To the surprise of no one, President Bush yesterday vetoed a billl sent to him by Congress that would have allowed federal medical research dollars to be spent on establishing new lines of stem cells from frozen human embryos that would otherwise be discarded by fertilization clinics. Why do these extra embryos exist? In vitro fertilization doesn't always work on the first try, so several embryos are typically created. The ones at issue here are leftovers. No one has ever seriously proposed banning this practice because it would condemn many couples to childlessness who otherwise might be helped. One-day-old embryos have no consciousness. Using them for medical research and the possibility of saving many lives down the road is not considered wrong by all theologians.

The President created this problem in 2001 when he ruled that federal dollars--without which little serious medical research is accomplished--could only be spent on existing stem cell lines. These were said to number 67, but turned out to number only about 22, and many of these were useless for medical research because of cross-contamination by mouse genes. His action brought embryonic stem cell research in the U.S. almost to a halt, although it continues at full throttle in places like England, Singapore, and California, which created a state funding program to get around the Bush blockade.

I suspect in 40-50 years, when all the truth about Bush has been revealed, we'll learn that he knew all along that he was writing a death sentence for one of the most promising medical advances to come along in decades. The veto yesterday was for the religious right, a sop to their disappointment at his inability to deliver on flag-burning and gay marriage. At the veto ceremony, he surrounded himself with a couple of dozen couples who have adopted so-called "snowflake babies" raised from frozen embryos. I'm glad they did that, but adoption isn't going to save all those frozen day-old embryos.

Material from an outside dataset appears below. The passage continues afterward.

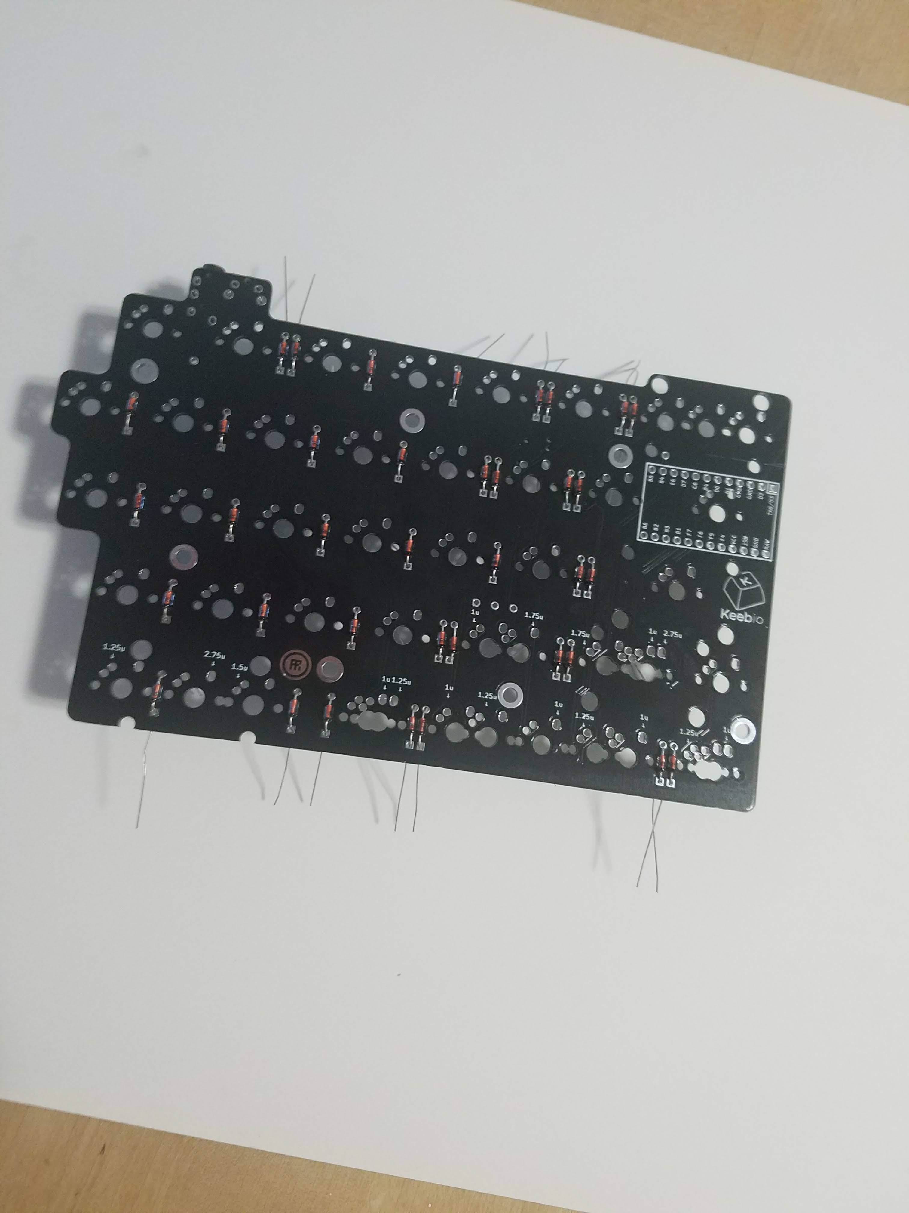 Trim down the pins with a flush cutter after it's soldered, then repeat on the other half.

The parents whose eggs and sperms created them aren't about to casually let them be adopted by wingnuts. Or liberals, for that matter. It's a highly personal thing.

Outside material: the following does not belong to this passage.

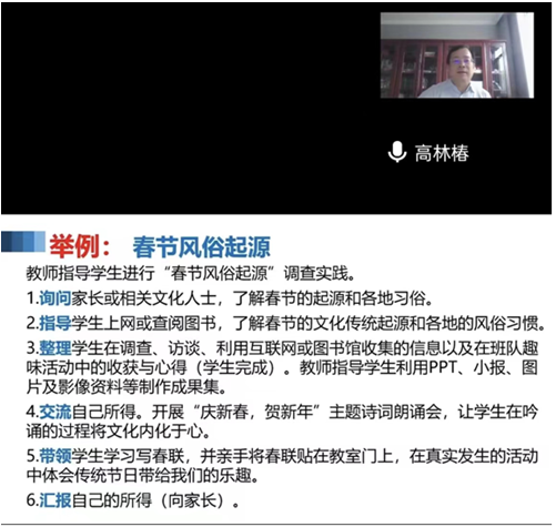 本次线上集中授课环节,从11月20日到11月25日,历时六天,期间邀请了首都师范大学白欣教授、华东师范大学教育公司胡耀宗教授、内蒙古科技厅火炬中心主任姜宝林、内蒙古自治区教育科学研究与监测评估院刘彦泽经理、呼和浩特市教研室综合实践研究室秦亚吉老师,内蒙古大学附属中学李善战老师等区内外十二位知名专家、教研员和一线教师,以专题讲座的形式分别讲授了“新时期综合实践活动教学策略” “综合实践活动形式内涵解析与实施指导”“铸牢中华民族共同体意识”“习近平关于教师的重要论述” “综合实践教师教学方法指导”“基于《纲要》的综合活动课程实施”“内蒙古科技创新创业生态构建”“劳动教育的意蕴与功用”“科学把握中小学劳动教育过程中‘劳’与‘育’”“综合实践课堂常常用设备安装与调试”等十二个专题。

Bush put his veto signature on the bill in private, with no cameras present that could create a tape loop to be replayed endlessly in the fall campaign to send Republican congressmen and senators to electoral hell. The ceremony with the parents and the "snowflake babies" was held afterward. It was a shameless display of political pandering that will hurt real people--those who might have been saved if stem cell remedies for a host of dread diseases had been developed sooner. A veto override attempt will probably fail, and I predict that some legislators who voted for the bill will now vote against override to appease the religious right.

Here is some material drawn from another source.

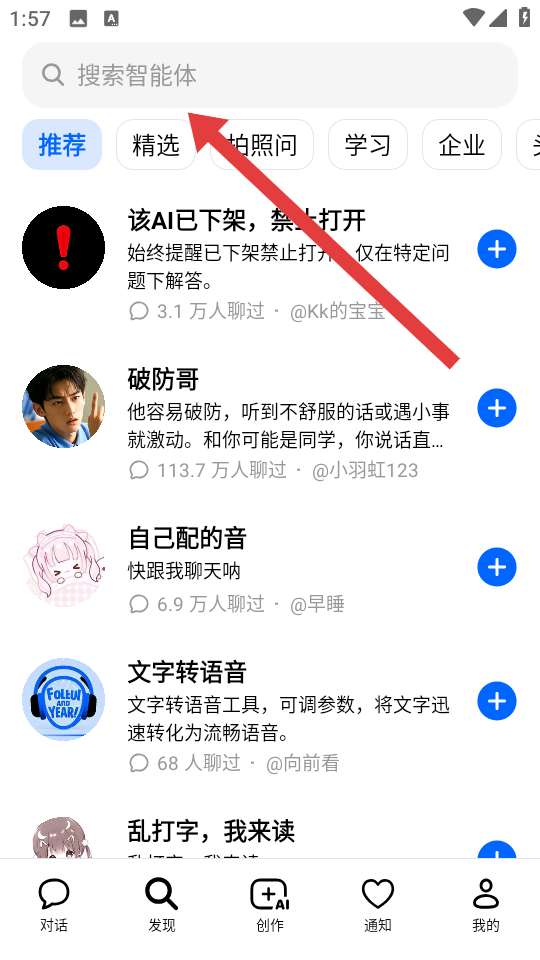 1、進入豆包發(fā)現(xiàn)的頁面后,點擊頂部搜索智能體的輸入框,為搜索圖片生成類智能體做準備。

Just another day in the Eight Lost Years in America.

Postscript: U.S. Sen. Rick Santorum, R-Pa., who is up for re-election this year, stands to be a big loser from the veto. Yesterday, the House failed to pass a bill introduced by Santorum to require the National Institutes of Health to fund research into adult stem cell research. According to AP, some Democrats didn't want to give Santorum and other conservatives the political cover this bill was intended to provide. Adult stem cells are not taken from embryos but don't have the same ability to morph themselves into things like new kidneys, etc., that embryonic stem cells are believed to have. The religious right has held out adult stem cells as a supposed moral substitute for embryonic stem cells, but if you buy this argument, you are giving up most of the promise of embryonic stem cells to achieve medical marvels. It isn't even half a loaf.